What to work on >>
In your copy, repeat the records exactly and leave out the pictures.

Supplied data >>
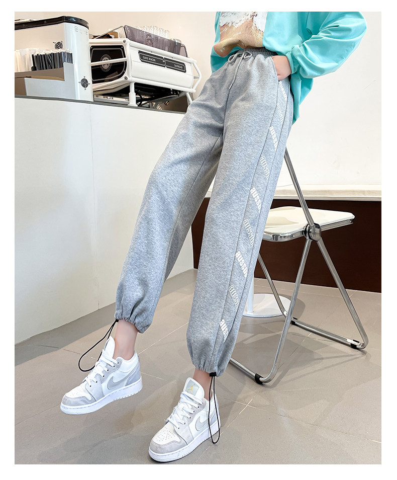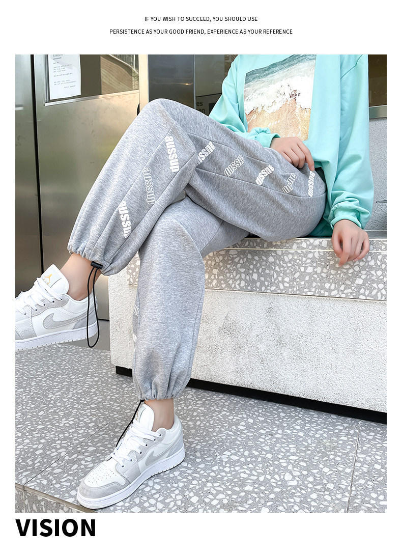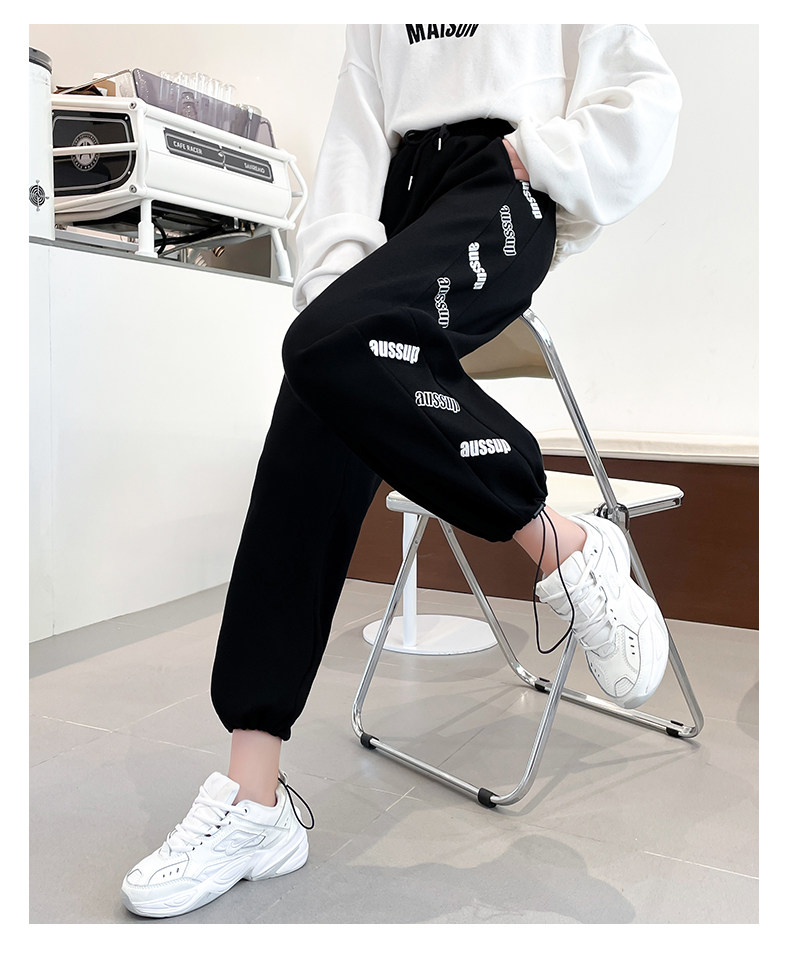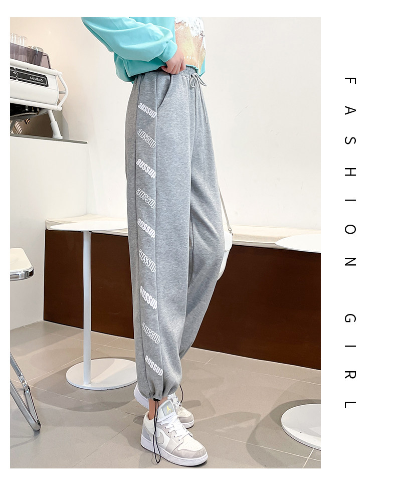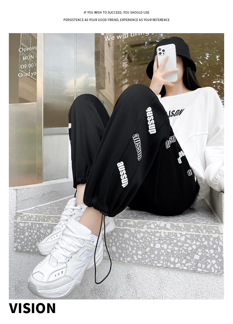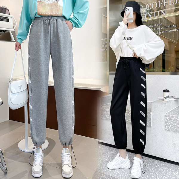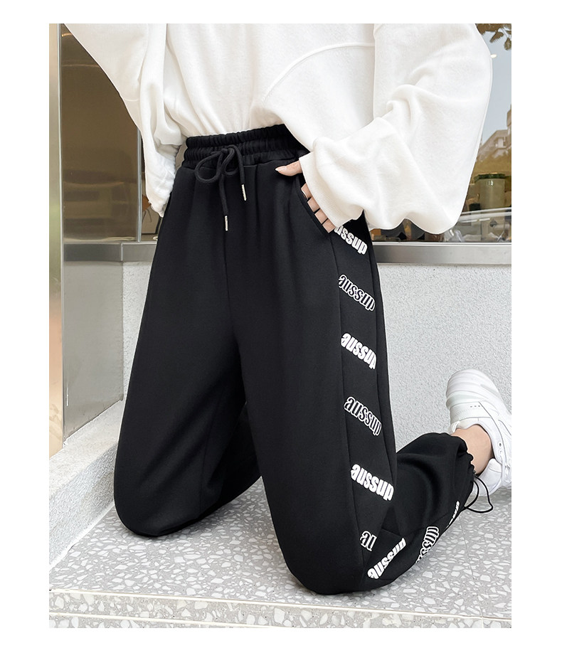 RM22031#涂鸦阔腿卫裤女2023秋季新款韩版宽松腰哈伦萝卜运动裤束脚裤
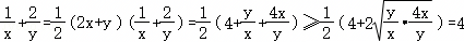 当且仅当,即y=2x=1时等号成立,故 的最小值为4.
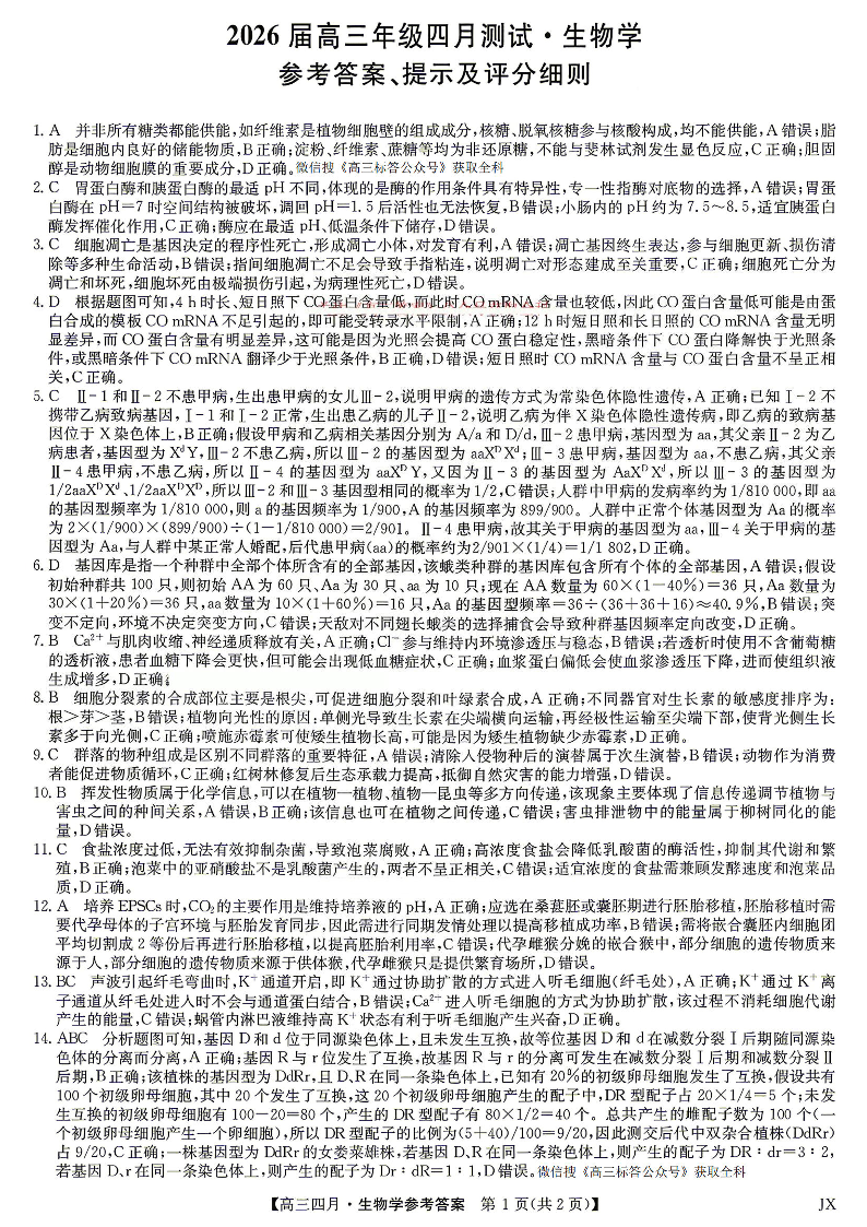 高三生物答案--九师联盟2026届高三年级下学期4月测试
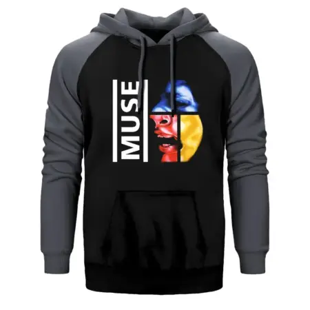 • Muse 1998 Album Cover Hoodie, Double Color Raglan Sleeve Gray Sweatshirt
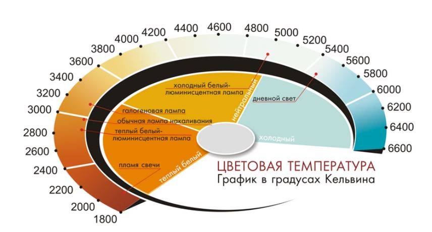 Для подсветки зеркал используют и теплый и холодный свет, каждый из которых имеет свою температуру, которая измеряется в кельвинах и чем выше значение, тем холоднее свет. Только по температуре оценить качество цветопередачи невозможно, многое зависит от конструкции светильников.
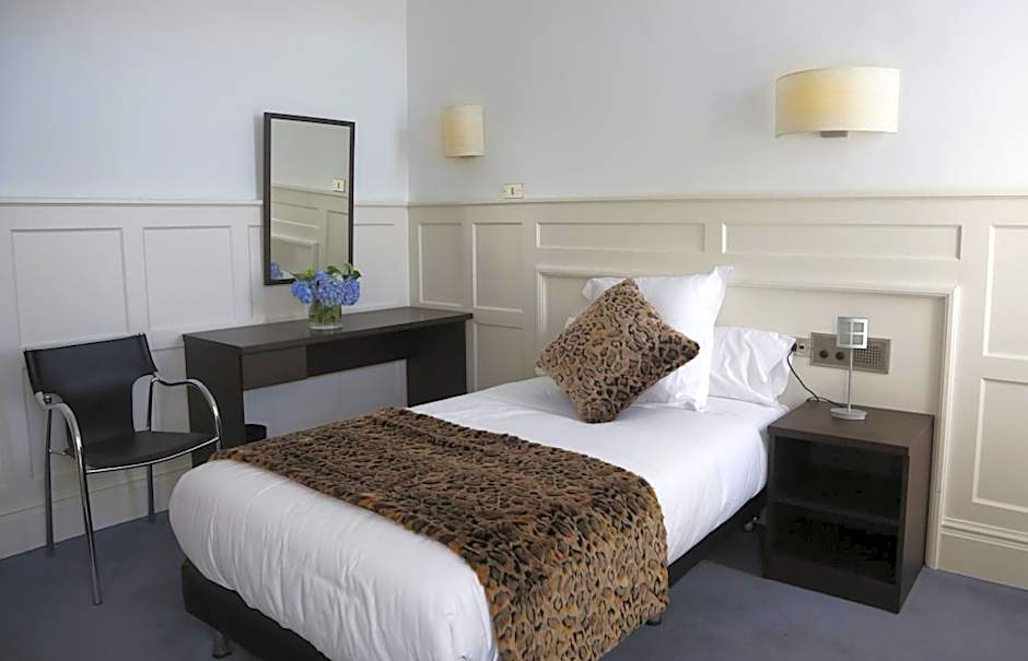 My room was a spacious twin room that was clean, tidy, and with a fridge, which was appreciated. The bed was comfortable, and I slept very well with the window open as there wasn't AC, although there was a fan. The shower was hot and powerful, and towels, etc. were clean and plenty. When I booked in, the women on reception was informative, helpful, and efficient at providing secure storage for my bicycle. Breakfast was lovely, tasty, and sustaining, and the staff member who served me was efficient and engaging. The location of the hotel is central for most things. I would stay here again.
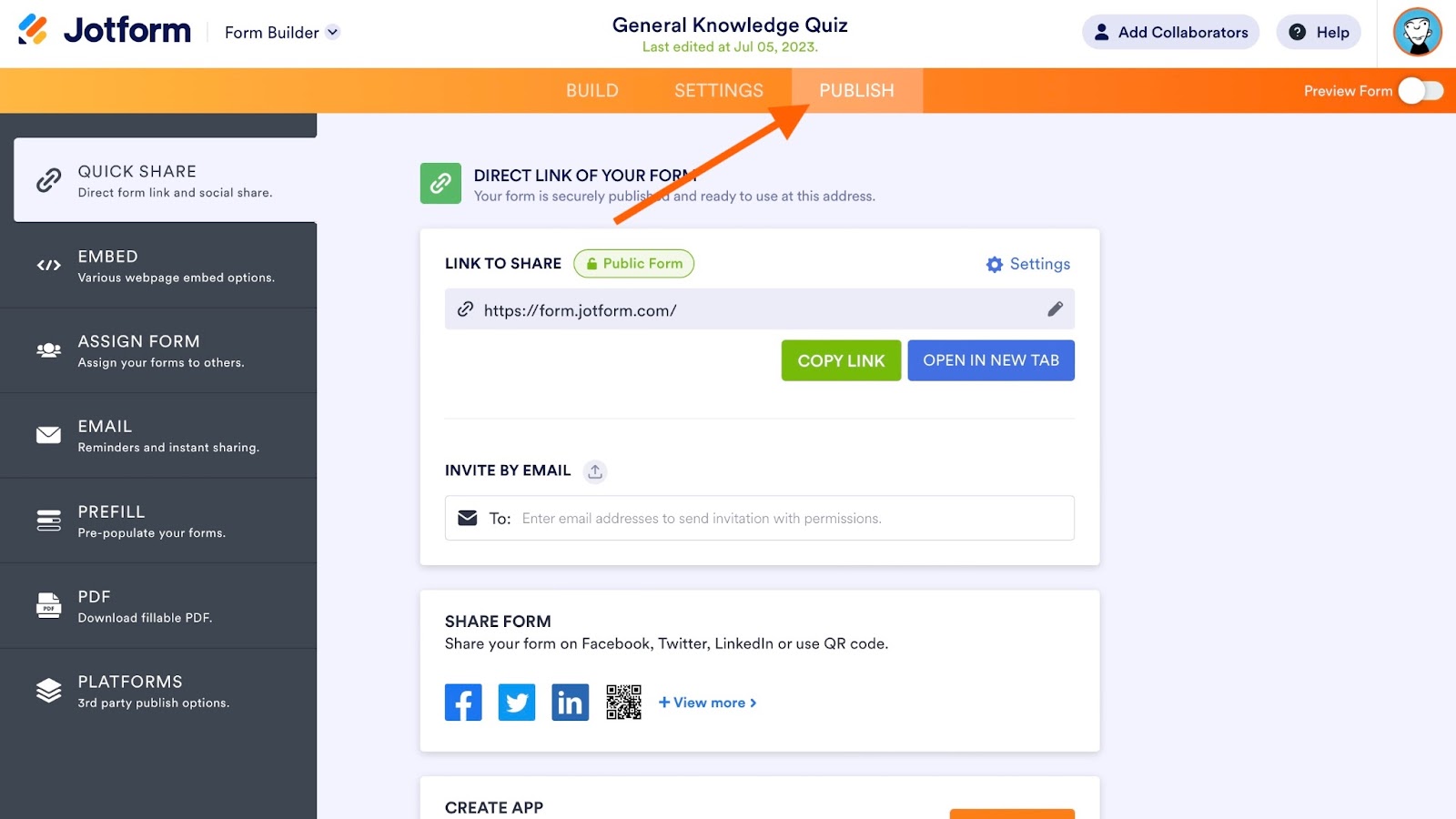 Plus, like in Google Forms, you can embed a Jotform form to any web page (in fewer steps, too) via its embed code feature:
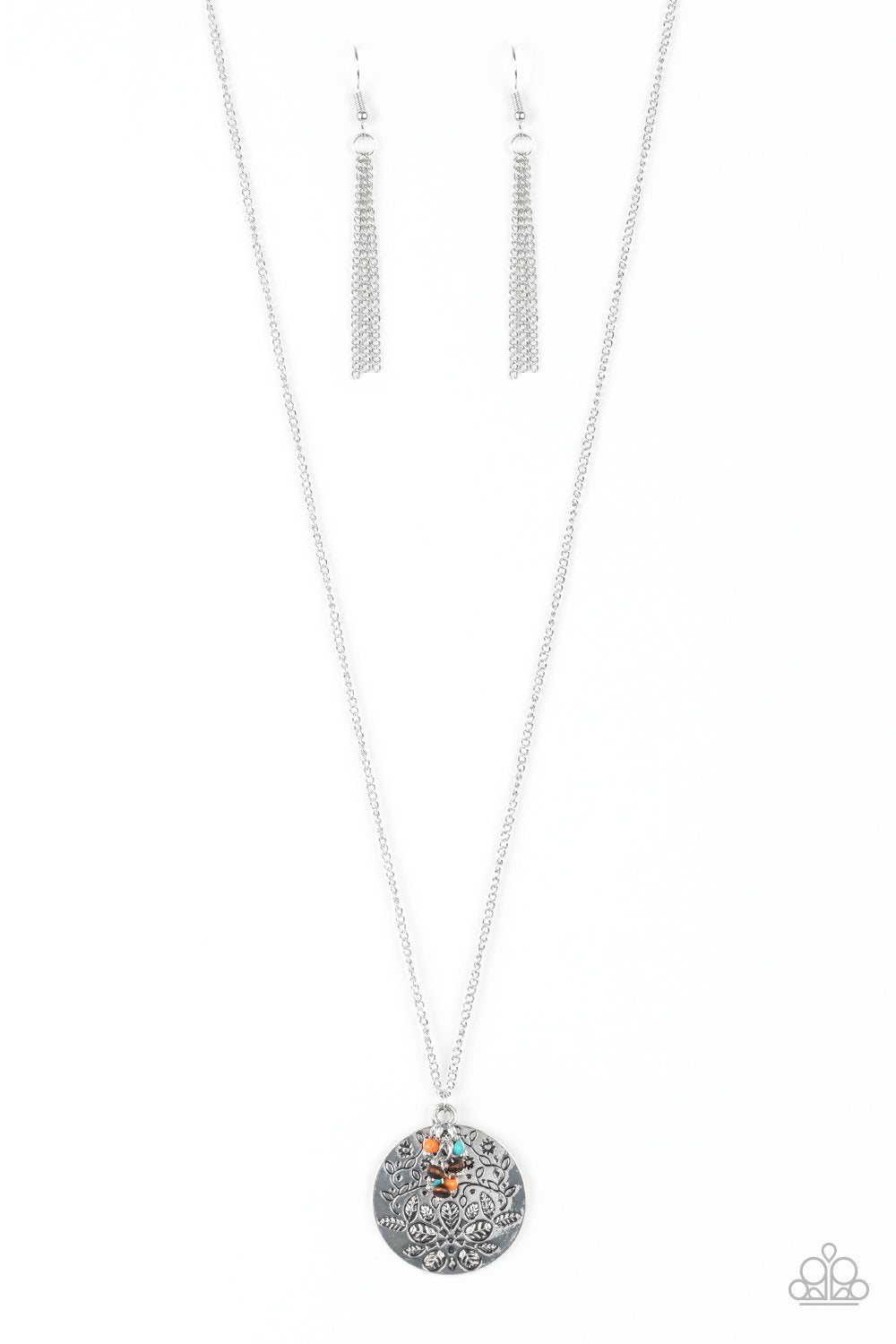 Desert Abundance Multi Blue Orange Brown Floral Embossed Necklace Paparazzi N0053
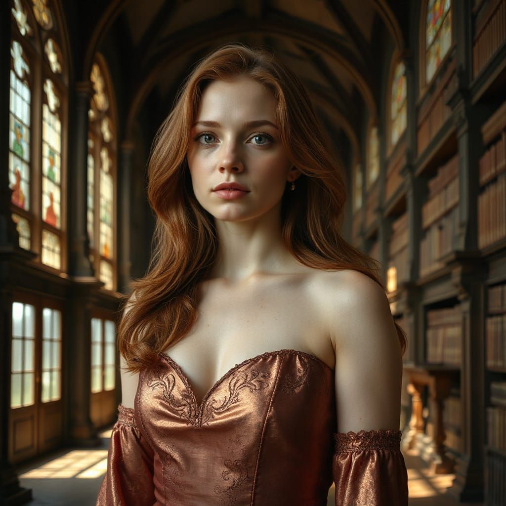 This image shows a red-haired woman with freckles in a medieval library. Sunlight illuminates her elegant gown in the style of the Dutch Masters, using dramatic chiaroscuro.

Answer to the problem >>
 RM22031#涂鸦阔腿卫裤女2023秋季新款韩版宽松腰哈伦萝卜运动裤束脚裤
 当且仅当,即y=2x=1时等号成立,故 的最小值为4.
 高三生物答案--九师联盟2026届高三年级下学期4月测试
 • Muse 1998 Album Cover Hoodie, Double Color Raglan Sleeve Gray Sweatshirt
 Для подсветки зеркал используют и теплый и холодный свет, каждый из которых имеет свою температуру, которая измеряется в кельвинах и чем выше значение, тем холоднее свет. Только по температуре оценить качество цветопередачи невозможно, многое зависит от конструкции светильников.
 My room was a spacious twin room that was clean, tidy, and with a fridge, which was appreciated. The bed was comfortable, and I slept very well with the window open as there wasn't AC, although there was a fan. The shower was hot and powerful, and towels, etc. were clean and plenty. When I booked in, the women on reception was informative, helpful, and efficient at providing secure storage for my bicycle. Breakfast was lovely, tasty, and sustaining, and the staff member who served me was efficient and engaging. The location of the hotel is central for most things. I would stay here again.
 Plus, like in Google Forms, you can embed a Jotform form to any web page (in fewer steps, too) via its embed code feature:
 Desert Abundance Multi Blue Orange Brown Floral Embossed Necklace Paparazzi N0053
 This image shows a red-haired woman with freckles in a medieval library. Sunlight illuminates her elegant gown in the style of the Dutch Masters, using dramatic chiaroscuro.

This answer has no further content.